Не знаю, но верю: через много лет Людмила Андреевна, почтенный доктор филологических наук, стиснутая железным кольцом одиночества, будет метаться в холодной постели и рвать на себе седые волосы, ибо что посеешь, то и пожнешь.

Сердце Андрея Ивановича не выдержало. В три часа ночи я проснулся от внутреннего толчка и увидел его руку, плетью свисавшую с кровати. Философ был мертв.

2000

 

Сколки бытия

 

Свет невечерний

У Алого поля в троллейбус вошла женщина в сером. Показала проездной и села у окна впереди меня. В эту же минуту к ней ринулась другая, с жаром полушепотом воскликнув:

– Машенька! Милая, что с тобой? На тебе лица нет!

Женщина в сером повернулась к знакомой и, медленно роняя слова, выдохнула:

– Он ушел. Ушел и свет унес.

 

Нагая баба

Погода нелетная, и мы томимся в аэропорту в ожидании рейса. Рядом со мной, скинув на плечи пуховые платки, ведут неспешный разговор две женщины. Прислушался. Речь идет о снохах:

– И чего ей надо было? Квартира, машина, деньги – только манна небесная не сыпалась. А ведь ушла, подлая, от Ивана с дитем на частную квартиру, да еще и радуется.

– Ох, не говори, Анна Васильевна, – посочувствовала собеседница. – Не видали они, молодые, нагой-то бабы в крапиве.

 

Мочалка

Наталья вернулась из пригородного района, где ее муж работал директором школы. Вернулась и закатила истерику:

– Я, как дура, забочусь о его здоровье: накупила лекарств, нового белья, даже на коньяк не пожалела, а он?! Он, кобель несчастный, с завучем развлекается, когда я приехала.

Мать успокаивает дочь:

– Да любит, любит он тебя, успокойся! Не мочалка, не измочалится, на всех хватит.

 

С природой не поспоришь

Летний тихий вечер.
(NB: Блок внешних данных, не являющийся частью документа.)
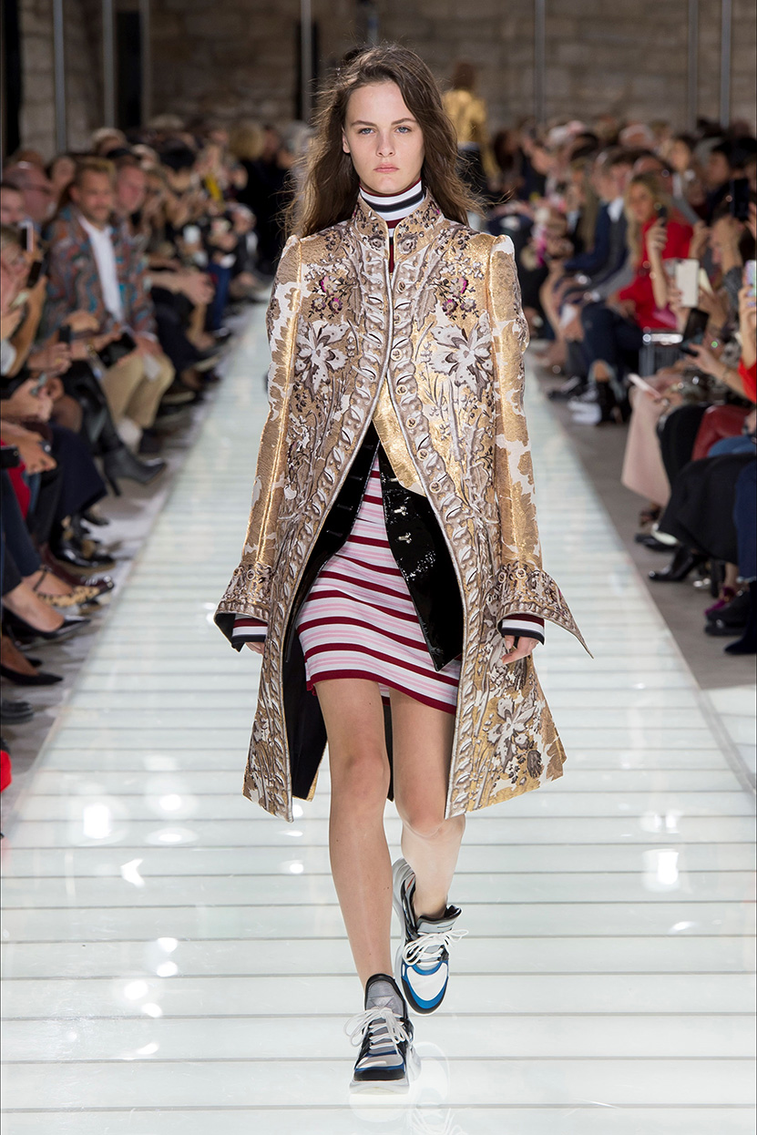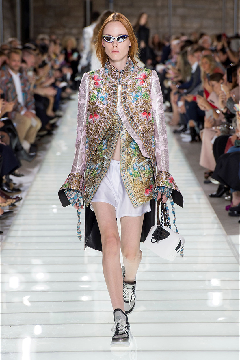 Scostumista-Lo Styling Anacronistico di Vuitton – Spesso la tendenza degli stilisti è quella di andare a cercare ispirazione dalla moda che si è succeduta nel secolo scorso, ma c’è chi, approfittando della vastità delle fogge dell’abbigliamento nei secoli addietro, si è spinto più in là. Alessandro Michele ama mischiare riferimenti all’ antica Roma, all’Inghilterra Tudor, alla Francia medievale e all’Italia rinascimentale, alla Parigi degli anni ’30, insieme alla Londra degli anni ’70 e agli anni ’80 di Harlem. La sfilata Cruise 2017/18 di Chanel intitolata “La modernité de l’antiquité” celebrava il classicismo greco mischiando le intramontabili giacche in tweed, segno distintivo della Maison, con tuniche e pepli rivisitati. John Galliano, ai tempi della sua direzione artistica per Christian Dior, ha progettato bellissimi abiti e corpetti d’ispirazione settecentesca. Per la collezione Primavera-Estate 2018 di Louis Vuitton, anche Nicolas Ghesquière fa riferimento all’ “âge des lumières” facendo sfilare le classiche inquartate maschili lunghe al ginocchio su micro-short, pantaloni in vinile e sneakers futuristiche. Redingote in tessuto broccato arricchite da preziosi ricami si sovrappongono a tessuti tecnologici per un mix-and-match che abbraccia quasi quattro secoli. Il Settecento rivisitato è un tema già sperimentato da Guesquière ai tempi della sua direzione artistica da Balenciaga, con la Collezione Primavera /Estate 2006, dove marsine bianche e avorio strette in vita si allargavano sui fianchi in strati di balze e volant. Ciò che però rende più interessante questa collezione di Louis Vouitton non è tanto la redingote di per sé, che anzi ha una ripresa più letterale dell’originale settecentesca rispetto a quella progettata per Balenciaga dove l’evoluzione della forma è più evidente, ma in quest’ultima collezione Vuitton, è lo styling a rendere interessante l’outfit, l’anacronismo degli stili che si contrappongono e si mescolano in modo sorprendente e imprevisto. I pezzi elaborati, ispirati al guardaroba dell’aristocrazia francese del XVIII secolo, nobilitano l’abbigliamento sportivo dei giorni nostri, tutto si centrifuga perfettamente e Alessandro Michele che ha sempre portato la storia del costume nelle sue collezioni Gucci è guru indiscusso di questa tendenza che vede sempre più l’avanzare dell’importanza di un approccio allo styling già nel momento della progettazione di una collezione. di Annapaola Brancia d’Apricena

В огнях заката плавятся стекла окон, на столе шумит самовар. Чаевничают три сестры. Старшая приехала из Сибири, и младшие жалуются на своих мужиков:

– Марта, это что же делается? – чуть не плачет одна. – Седина в голову-бес в ребро! Олег загулял и все воскресенья пропадает у Нюрки, а мне говорит– на рыбалке.

– А когда ты была последний раз в парикмахерской?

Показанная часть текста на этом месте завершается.